▸ EXERCISE
In the entries below, which lines run from the one with "此外,氣路閥件內(nèi)部" through the one with "Color: The shoe"? Repeat exactly those, both included, and no pictures.

Data extracted from a collection
· · ·
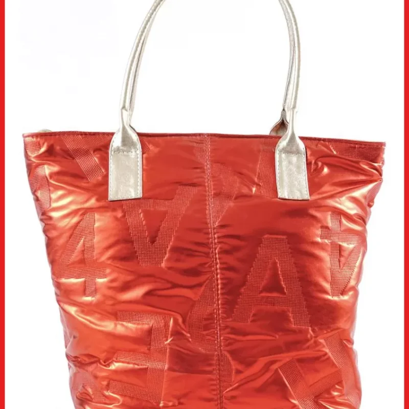 VIA55 nagyméretű válltáska, vízhatlan anyagból, bojttal díszített, piros színben. Elején középen varrott, pufi, puha anyagú. Anyagában betűk, számok díszítik. Vállpántja és a bojt csillogós arany színű. Nagyon könnyű darab, kényelmes viselet. Belseje egyterű, egy cipzáras és két benyúlós zsebe van. Méretei: 39×33×18 cm.
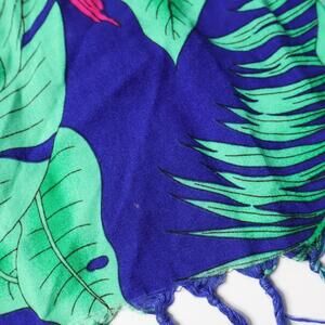 Hawaiian Scarf Wrap Sarong Hawaii Vacation Beach Blue Parrots Tropical Fringe *
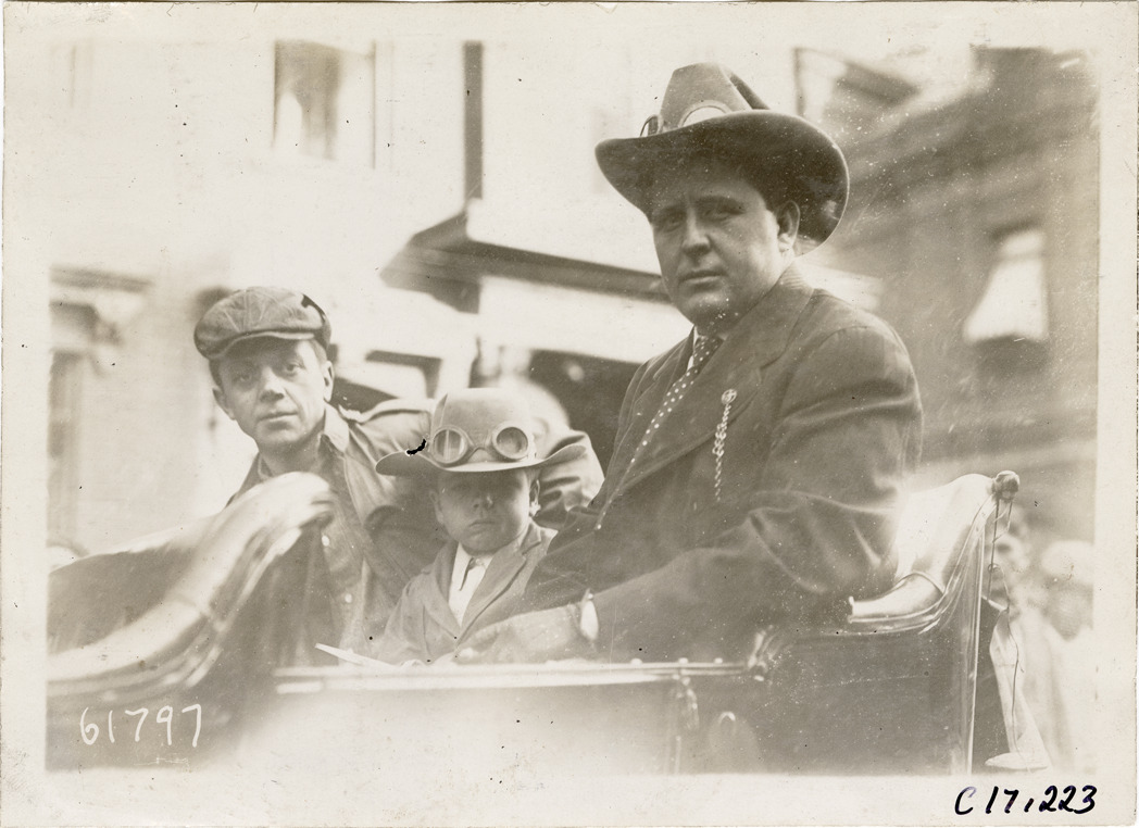 Close-up view of Temple and Jack Abernathy. Unidentified man on left. In 1910, Louis and Temple Abernathy, ages 9 and 6, drove a Brush car from New York to Oklahoma City. They were accompanied by their father, Jack, and other motorists. Stamped on back: "Spooner & Wells, Inc., photographers, telephones 3472-3473 Columbus, 1931 Broadway, New York." Handwritten on back: "Tours--Abernathy Kids New York to Oklahoma Tour, 1910."
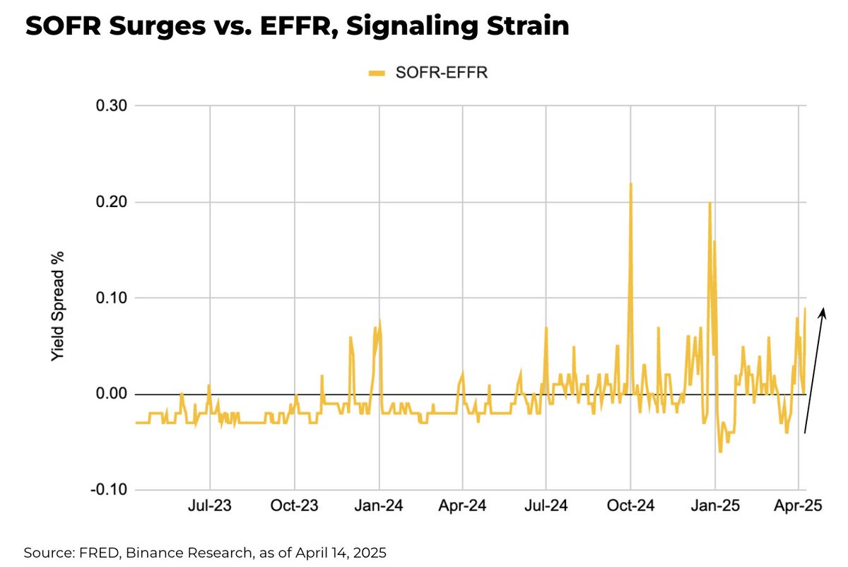 The cost of secured overnight borrowing (SOFR) is rising sharply relative to the unsecured interbank rate (EFFR, anchored by the Fed). The widening SOFR–EFFR spread signals stress in the repo market — hinting at growing tightness
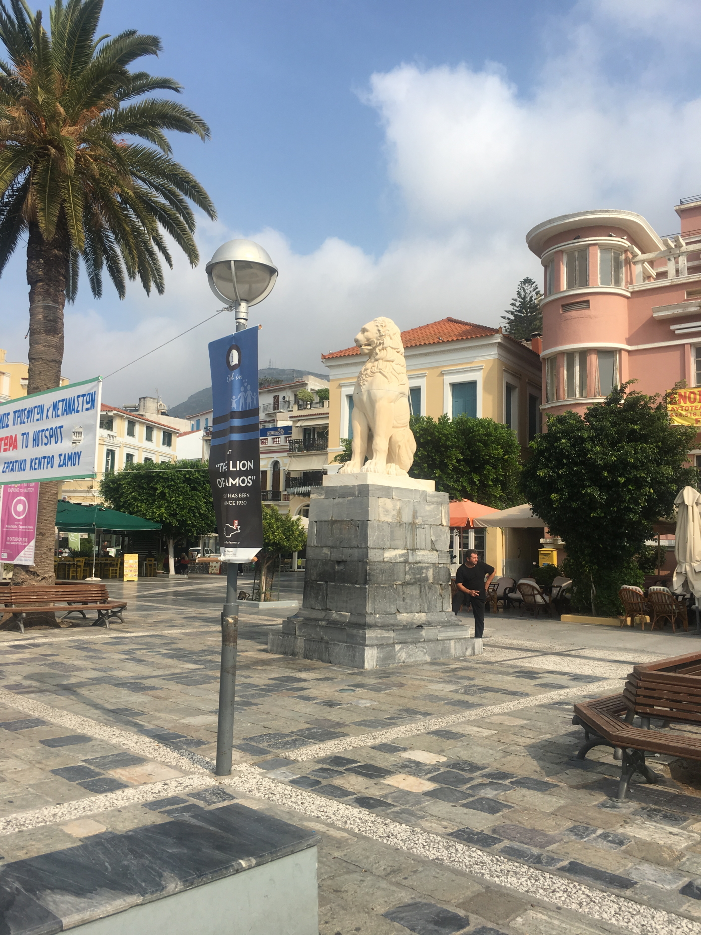 Vathy nin merkezi olarak bir Aslanlı Meydanı (Pythagoras Square at the centre of Vathy’s harbour promenade, is locally known as Lion Square after the statue which was erected here in 1930 to commemorate the Greek War of Independence
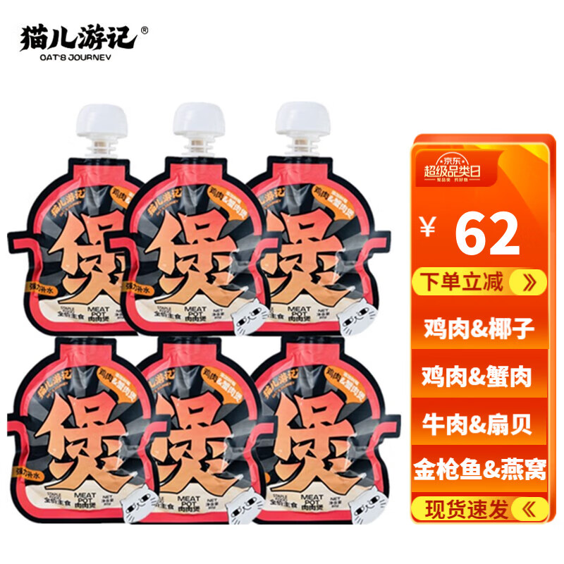 布兰德猫儿游记系列肉肉煲成猫幼猫咪主食餐包湿粮咕噜酱营养增肥发腮软罐头 【鸡肉 蟹肉】鸡蟹肉煲80g*6袋
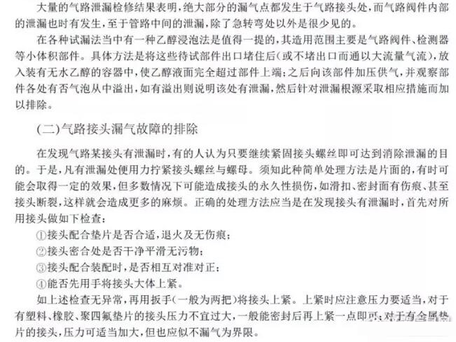 此外,氣路閥件內(nèi)部松動、脫落或有污物,也常導(dǎo)致漏氣;一般氣路中間漏氣問題較少,偶爾也有管路折斷漏氣。
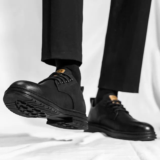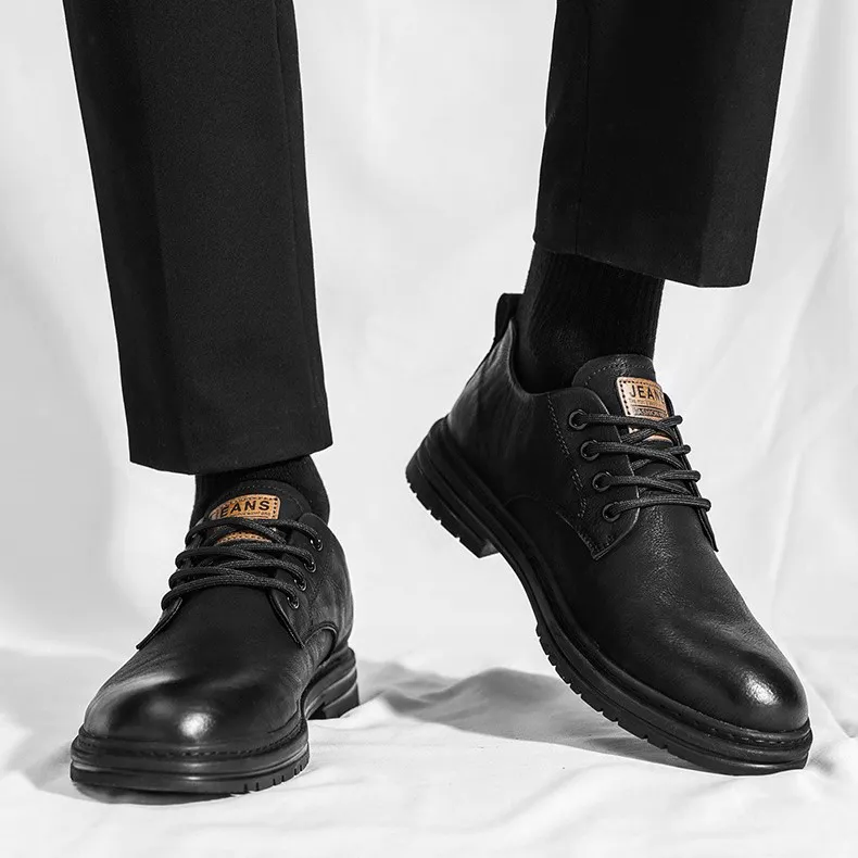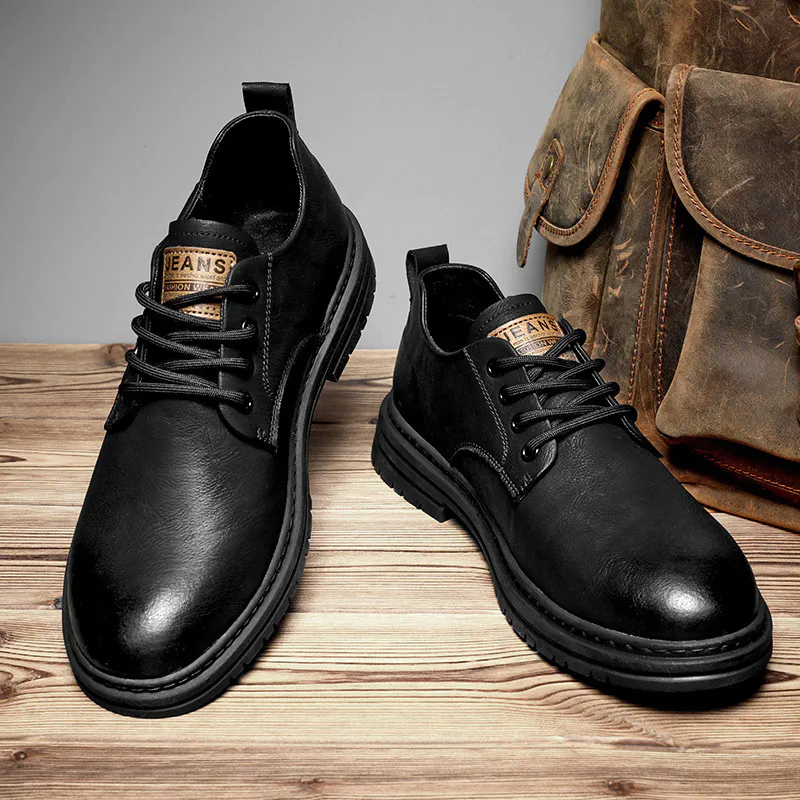 Color: The shoe comes in classic blackUpper Material: Microfiber leather constructs the shoe's upper, ensuring durability and a modern appearance.Outsole Material: A rubber sole provides reliable traction and durability.Insole Material: PU leather lines the insole, offering comfort and support throughout wear.Toe Shape: Designed with a round head toe shape, the shoe prioritizes comfort and natural foot movement.Closure Type: It features a lace-up closure for a secure and adjustable fit.Pattern Type: Displaying a solid pattern, the shoe maintains a clean and timeless design.Features: Engineered for breathability, wear-resistance, lightweight feel, and anti-slip properties, suitable for various activities and everyday use.
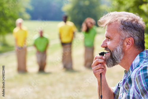 Schiedsrichter kurz vor dem Start beim Sackhüpfen
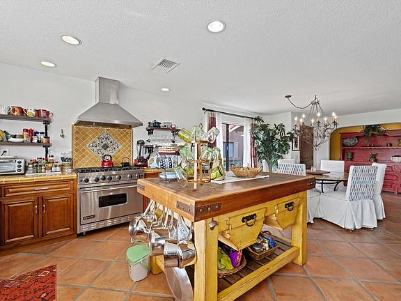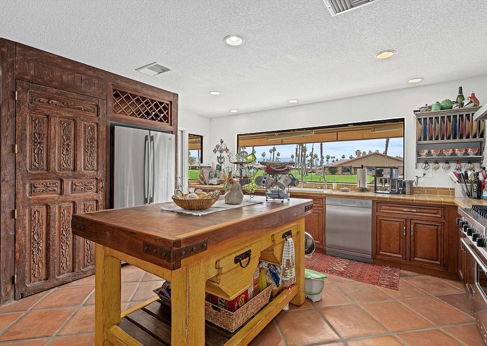 OPEN KITCHEN with big PICTURE WINDOW!!RAISED CEILINGS!3rd stall CART GARAGE!Uniquely decorated with a Spanish flair - saltillo tile looring throughout, mosaic tiled fireplace, red brick accent wall, beautiful hand-carved pieces throughout, mosaic lamp shades and more! STAINLESS APPLIANCES, cast iron tub in the Guest Bath, upgraded showers and bathroom counters, canned lighting throughout, granite counter top and sink in laundry area. EPOXY garage floor and dry-walled ceiling. VIEWS of 2 fairways and lakes from the enlarged patio with pony wall. Must see to really appreciate every detail.
· · ·
▸ SOLUTION
 此外,氣路閥件內(nèi)部松動、脫落或有污物,也常導(dǎo)致漏氣;一般氣路中間漏氣問題較少,偶爾也有管路折斷漏氣。
 Color: The shoe comes in classic blackUpper Material: Microfiber leather constructs the shoe's upper, ensuring durability and a modern appearance.Outsole Material: A rubber sole provides reliable traction and durability.Insole Material: PU leather lines the insole, offering comfort and support throughout wear.Toe Shape: Designed with a round head toe shape, the shoe prioritizes comfort and natural foot movement.Closure Type: It features a lace-up closure for a secure and adjustable fit.Pattern Type: Displaying a solid pattern, the shoe maintains a clean and timeless design.Features: Engineered for breathability, wear-resistance, lightweight feel, and anti-slip properties, suitable for various activities and everyday use.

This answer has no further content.